#### Task brief:
The reply should hold every line of the data below, unchanged, and none of the pictures.

#### Collected data:
[Start of Attachment]

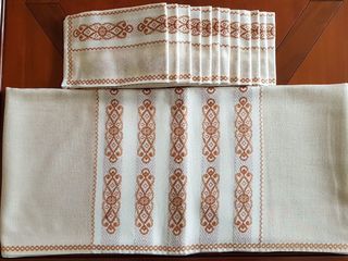 Service de table 12 couverts en polyester, écru avec motifs brodés Nappe rectangulaire : 145cm x 270cm 12 serviettes assorties : 47cm x 47cm Très belle qualité. Lavable en machi
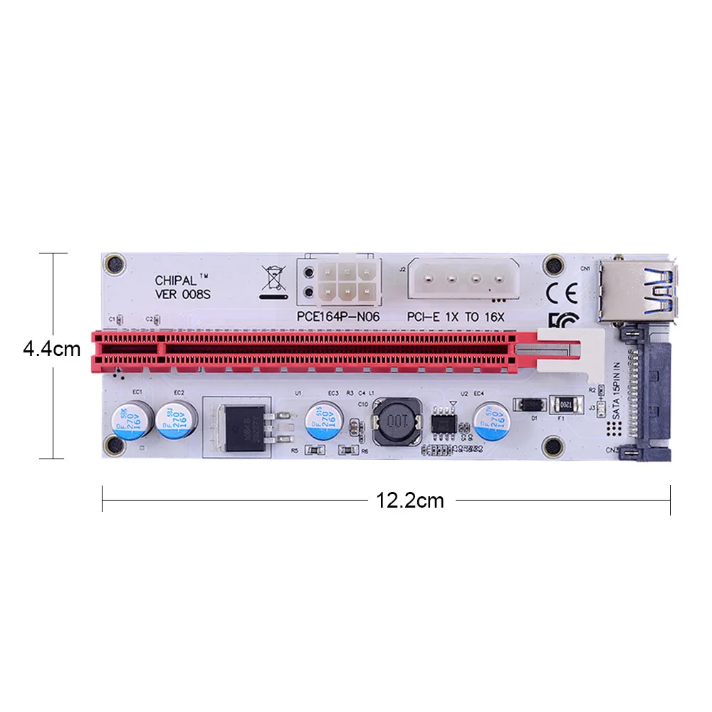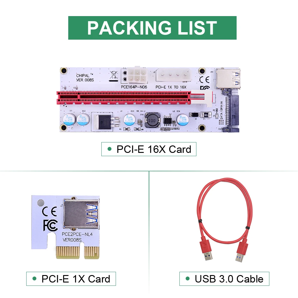 CHIPAL VER008S PCI-E Райзер-карта 008S PCI Express 1X до 16X 60 см 100 см кабель USB 3,0 4-контактный 6-контактный разъем SATA питания светодиодный для видеокарты
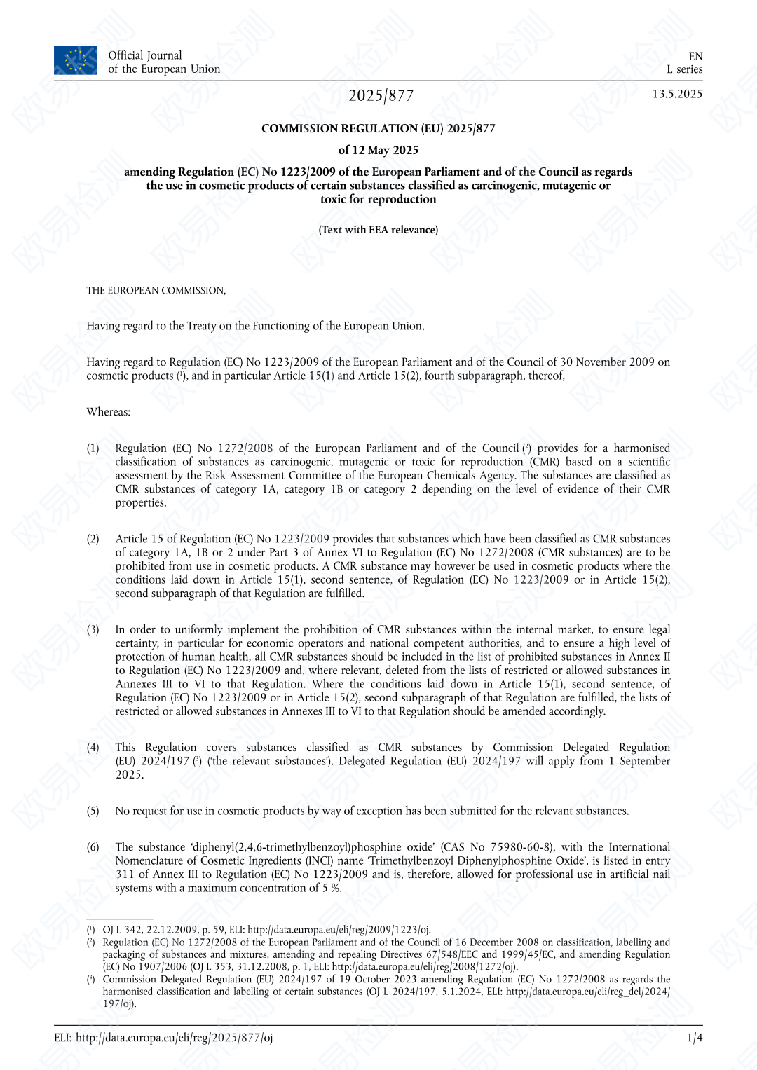 根据欧盟官方公报 Regulation (EU) 2025/877,自2025年9月1日起,以下物质将
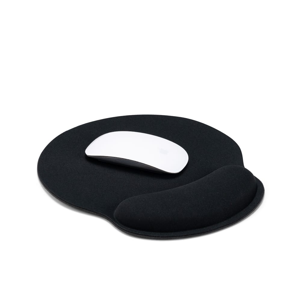 Mouse pad ergonômico de estrutura flexível. Contém superfície em poliéster e base em borracha com textura antiderrapante, além de espuma ergonômica para o punho.

[End of Attachment]

#### Written solution:
 Service de table 12 couverts en polyester, écru avec motifs brodés Nappe rectangulaire : 145cm x 270cm 12 serviettes assorties : 47cm x 47cm Très belle qualité. Lavable en machi
 CHIPAL VER008S PCI-E Райзер-карта 008S PCI Express 1X до 16X 60 см 100 см кабель USB 3,0 4-контактный 6-контактный разъем SATA питания светодиодный для видеокарты
 根据欧盟官方公报 Regulation (EU) 2025/877,自2025年9月1日起,以下物质将
 Mouse pad ergonômico de estrutura flexível. Contém superfície em poliéster e base em borracha com textura antiderrapante, além de espuma ergonômica para o punho.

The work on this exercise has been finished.